**EXERCISE BRIEF**
Exclude the pictures, then restate every entry below exactly.

**AVAILABLE RECORDS**
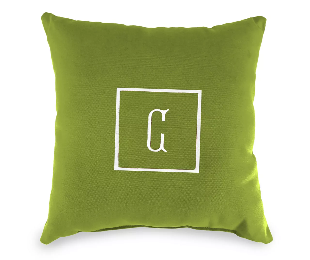 - Embroidered center letter with square edging
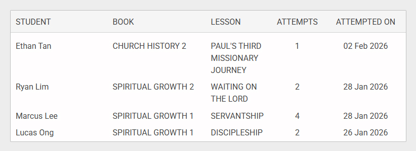 1. The Last 30 Days section displays students’ activity over the past 30 days in their Quizzes. It also shows the last attempted date and the total attempts on the lesson.
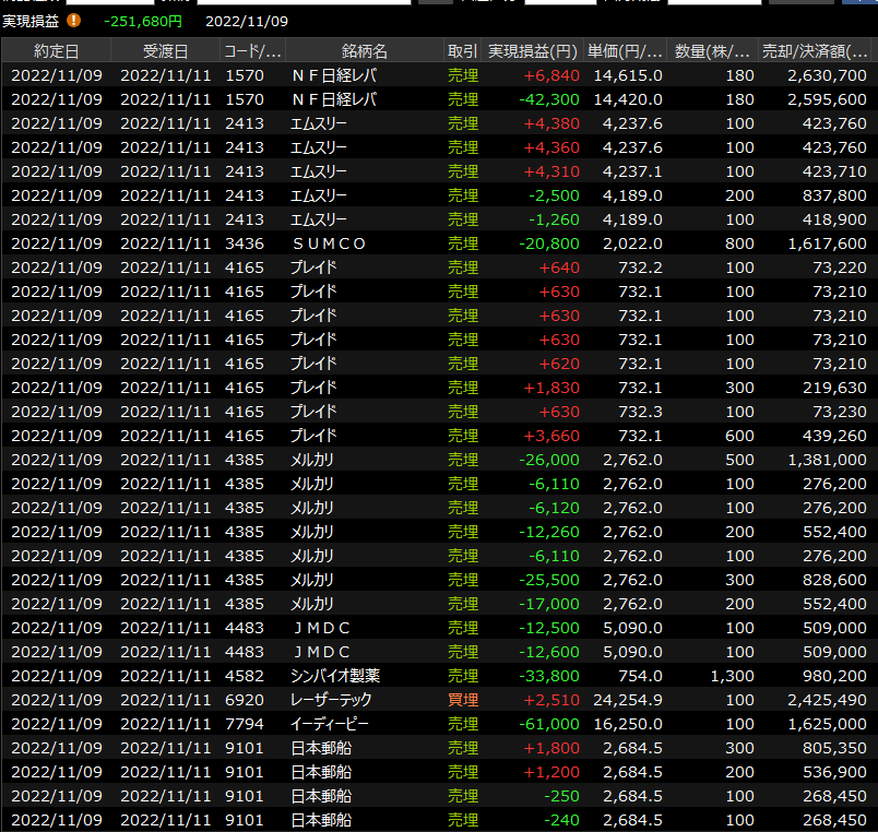 11/10(木)底堅い<デイトレ結果> 2022.11.10
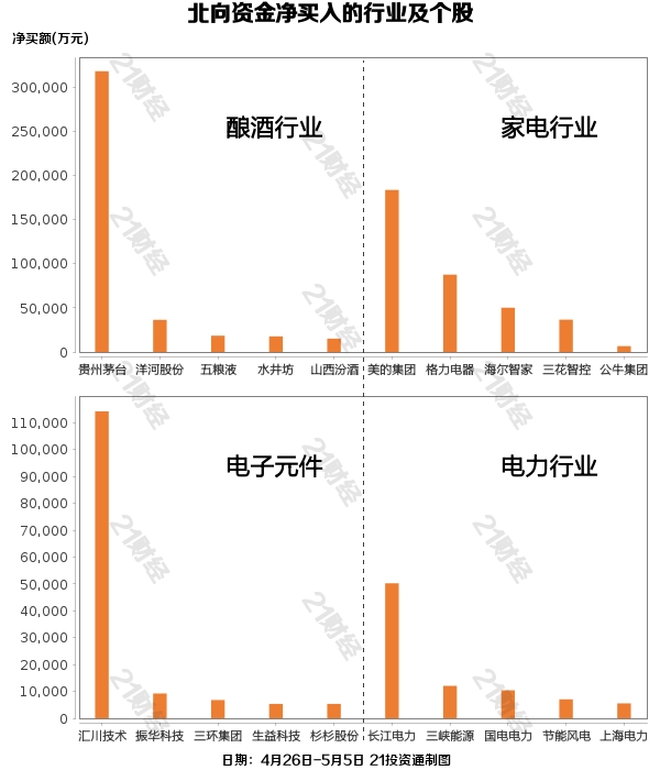 近5个交易日,北向资金增持酿酒行业超41亿元,贵州茅台等股获青睐(名单)
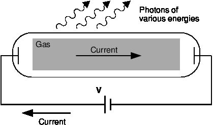 Figure 12.5: Diagram of a discharge tube. The tube is filled with a gas. When a high
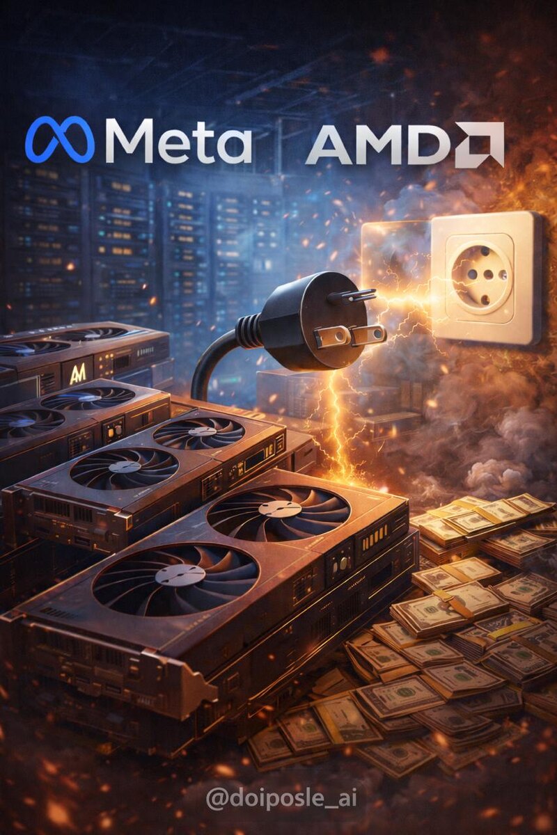 ⚡ 25 февраля Meta заключила сделку с AMD на $60 млрд - 5 лет чипов. Проблема: электросети не успевают. Дата-центры купили GPU, но не могут запустить - нет мощности. ⚡ ДО: Покупай чипы - масштабируйся. ⚡ ПОСЛЕ: Чипы есть, электричества нет. Разрешения ждут годами. Новое преимущество - мегаватты, не модели. Meta владеет 10% AMD. Когда чипы дефицит, покупатели диктуют условия. ИИ-гонка = энергогонка. Компании ищут электростанции. Лимит ИИ - киловатты, не таланты. #ИИ #Meta #AMD #энергетика #ДоИПосле
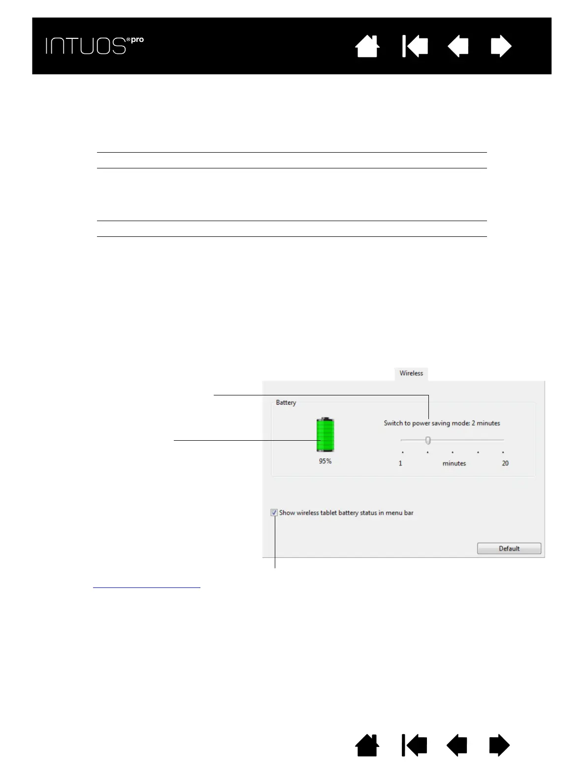 • When configured for wireless operation, you can view the tablet battery status and wireless control
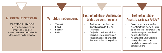 variables moderadoras como tamaño, edad y actividad económica de la empresa. Se propone así, una metodología que
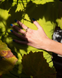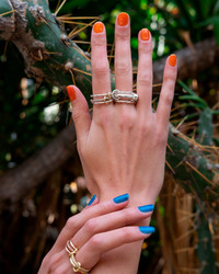 Designed with simplicity in mind, this ring features a core band of micro pave diamonds nestled between two thin silver bands. A duo of rich gold connectors create a look that is effortlessly chic and perfect for stacking. All diamonds are conflict-free for the conscientious wearer. This item is made to order, please allow 2-8 weeks for shipping. This item is final sale. The recycled metal is made exclusively from repurposed solid 18k gold and .925 silver, with conflict free diamonds and gems, exclusively sourced through respected suppliers in adherence with the Kimberley Process and World Diamond Council System of Warranties. Sterling silver, 18k yellow gold, and gray diamond Gray diamond: 0.5 tcw Hand polish Made in the USA Size & Fit Each band width: 1.7mm Sustainability Metrics: Circular Economy: product is intentionally designed with 50% of actively cycled materials Conflict-Free: 100% of products are recycled or conflict-free and adhere to fair trade and labor Craft & Community: at least 75% of products are fully sourced and manufactured within the specified community or country; 100% of production adheres to a fair wage system Read more about Olivela's sustainability pillars here .

**WRITTEN RESPONSE**
 - Embroidered center letter with square edging
 1. The Last 30 Days section displays students’ activity over the past 30 days in their Quizzes. It also shows the last attempted date and the total attempts on the lesson.
 11/10(木)底堅い<デイトレ結果> 2022.11.10
 近5个交易日,北向资金增持酿酒行业超41亿元,贵州茅台等股获青睐(名单)
 Figure 12.5: Diagram of a discharge tube. The tube is filled with a gas. When a high
 ⚡ 25 февраля Meta заключила сделку с AMD на $60 млрд - 5 лет чипов. Проблема: электросети не успевают. Дата-центры купили GPU, но не могут запустить - нет мощности. ⚡ ДО: Покупай чипы - масштабируйся. ⚡ ПОСЛЕ: Чипы есть, электричества нет. Разрешения ждут годами. Новое преимущество - мегаватты, не модели. Meta владеет 10% AMD. Когда чипы дефицит, покупатели диктуют условия. ИИ-гонка = энергогонка. Компании ищут электростанции. Лимит ИИ - киловатты, не таланты. #ИИ #Meta #AMD #энергетика #ДоИПосле
 • When configured for wireless operation, you can view the tablet battery status and wireless control
 variables moderadoras como tamaño, edad y actividad económica de la empresa. Se propone así, una metodología que
 Designed with simplicity in mind, this ring features a core band of micro pave diamonds nestled between two thin silver bands. A duo of rich gold connectors create a look that is effortlessly chic and perfect for stacking. All diamonds are conflict-free for the conscientious wearer. This item is made to order, please allow 2-8 weeks for shipping. This item is final sale. The recycled metal is made exclusively from repurposed solid 18k gold and .925 silver, with conflict free diamonds and gems, exclusively sourced through respected suppliers in adherence with the Kimberley Process and World Diamond Council System of Warranties. Sterling silver, 18k yellow gold, and gray diamond Gray diamond: 0.5 tcw Hand polish Made in the USA Size & Fit Each band width: 1.7mm Sustainability Metrics: Circular Economy: product is intentionally designed with 50% of actively cycled materials Conflict-Free: 100% of products are recycled or conflict-free and adhere to fair trade and labor Craft & Community: at least 75% of products are fully sourced and manufactured within the specified community or country; 100% of production adheres to a fair wage system Read more about Olivela's sustainability pillars here .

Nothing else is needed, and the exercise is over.